YOUR TASK. Go through the records below and set each one down exactly, leaving out any pictures.

Content starts

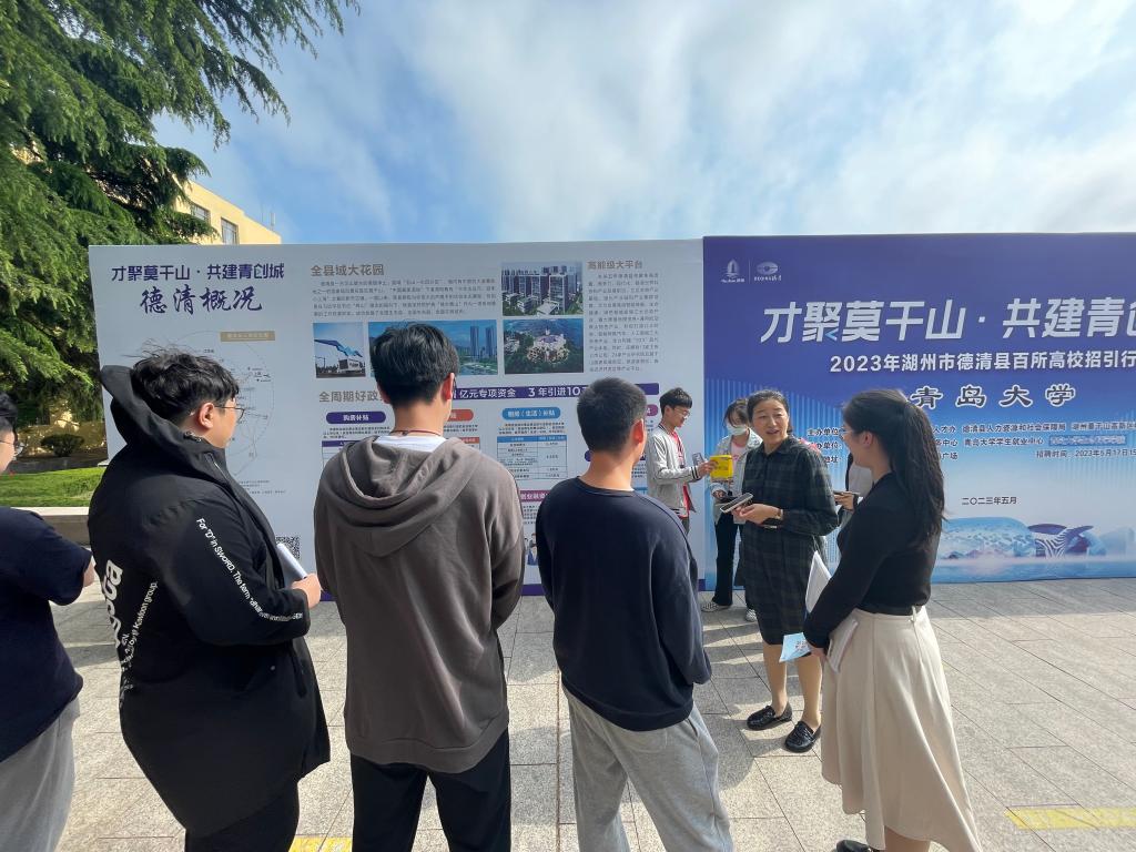 洽谈会上,校学生就业中心与浙江省德清县签订校地人才合作协议,共同为德清县驻Beat365中文官方网站人才工作站揭牌。
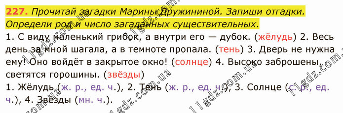 Прочитай загадки Марины Дружининой. Запиши отгадки. Определи род и число загаданных существительных. 1. С виду маленький грибок, а внутри его — дубок. (жёлудь) 2. Весь день за мной шагала, а в темноте пропала. (тень) 3. Дверь не нужна ему! Оно войдёт в закрытое окно! (солнце) 4. Высоко заброшены, светятся горошины. (звёзды) 1. Жёлудь (ж. р., ед. ч.), 2. Тень (ж. р., ед. ч.), 3. Солнце (с. р., ед. ч.), 4. Звёзды (мн. ч.).
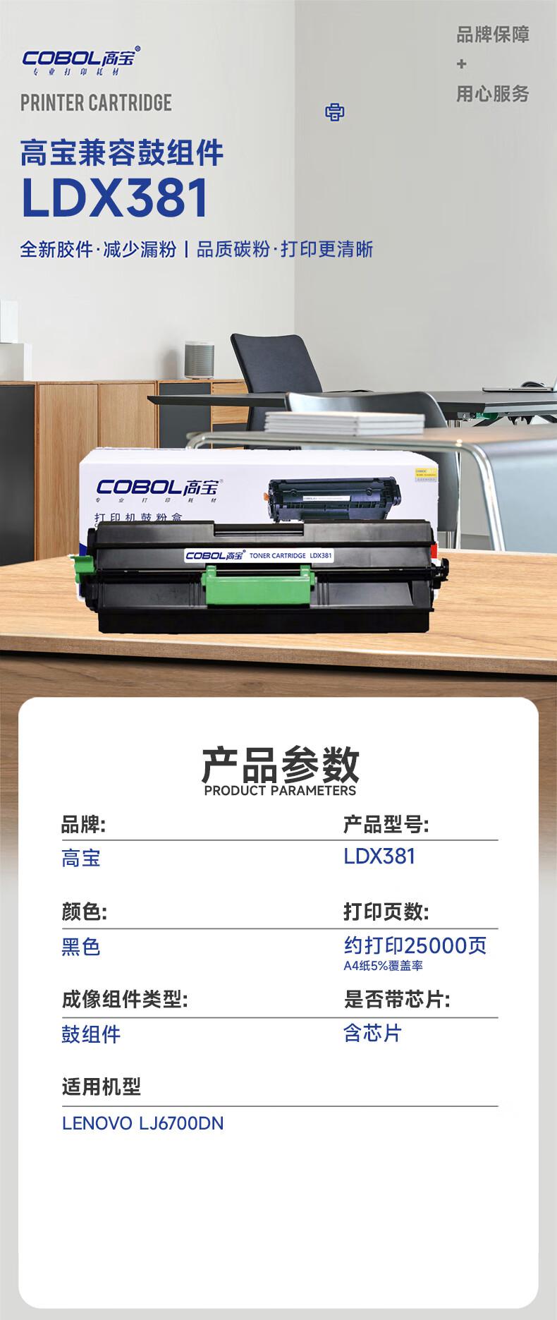 商品标题:高宝兼容LDX381鼓组件(鼓粉分离)黑色单只装打印量:25000页(只)
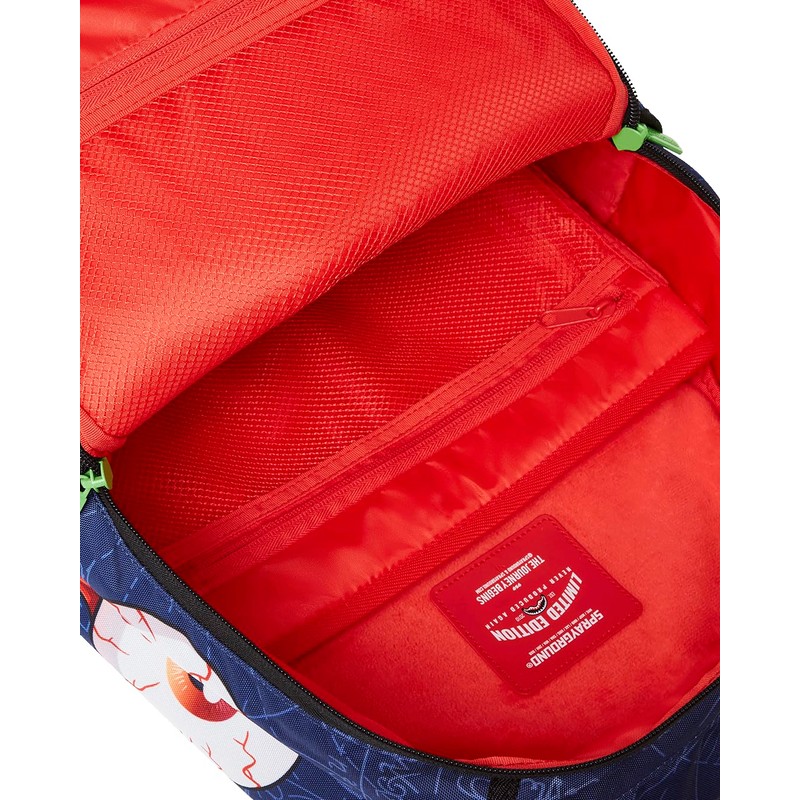 Dimensions: 18" x 6" x 11.5" Front zipper pocket Side pockets Zippered Stash pocket Separate velour sunglass compartment Ergonomic mesh back padding Adjustable Straps for custom sizing Gold zippers with metal hardware Metal "Sprayground Authentic" badge Slide through back sleeve connects to carry-on luggage to free your hands
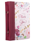 Protect your Bible with The Plans I Have for You Plum Floral Faux Leather Fashion Bible Cover and be encouraged by its message every time you open it to spend time in God's Word.
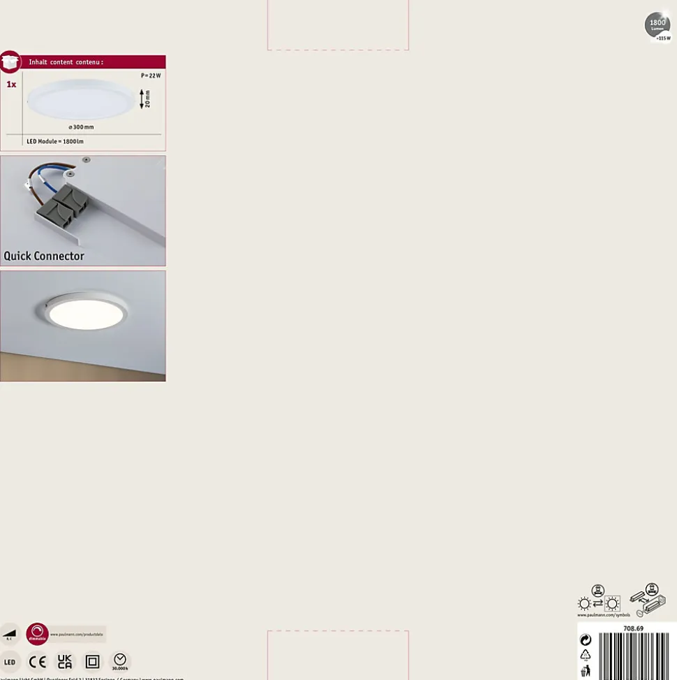 Panneau LED Atria rond 300mm 16W 1450lm 2700K Blanc gradable
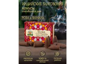 Благовония конусы стелющийся дым Orkay Роза и ваниль, Rose Vanilla, 35 г, 10 ароматических конусов, Индия 102363712674

Content ends

EXERCISE SOLUTION.
 洽谈会上,校学生就业中心与浙江省德清县签订校地人才合作协议,共同为德清县驻Beat365中文官方网站人才工作站揭牌。
 Прочитай загадки Марины Дружининой. Запиши отгадки. Определи род и число загаданных существительных. 1. С виду маленький грибок, а внутри его — дубок. (жёлудь) 2. Весь день за мной шагала, а в темноте пропала. (тень) 3. Дверь не нужна ему! Оно войдёт в закрытое окно! (солнце) 4. Высоко заброшены, светятся горошины. (звёзды) 1. Жёлудь (ж. р., ед. ч.), 2. Тень (ж. р., ед. ч.), 3. Солнце (с. р., ед. ч.), 4. Звёзды (мн. ч.).
 商品标题:高宝兼容LDX381鼓组件(鼓粉分离)黑色单只装打印量:25000页(只)
 Dimensions: 18" x 6" x 11.5" Front zipper pocket Side pockets Zippered Stash pocket Separate velour sunglass compartment Ergonomic mesh back padding Adjustable Straps for custom sizing Gold zippers with metal hardware Metal "Sprayground Authentic" badge Slide through back sleeve connects to carry-on luggage to free your hands
 Protect your Bible with The Plans I Have for You Plum Floral Faux Leather Fashion Bible Cover and be encouraged by its message every time you open it to spend time in God's Word.
 Panneau LED Atria rond 300mm 16W 1450lm 2700K Blanc gradable
 Благовония конусы стелющийся дым Orkay Роза и ваниль, Rose Vanilla, 35 г, 10 ароматических конусов, Индия 102363712674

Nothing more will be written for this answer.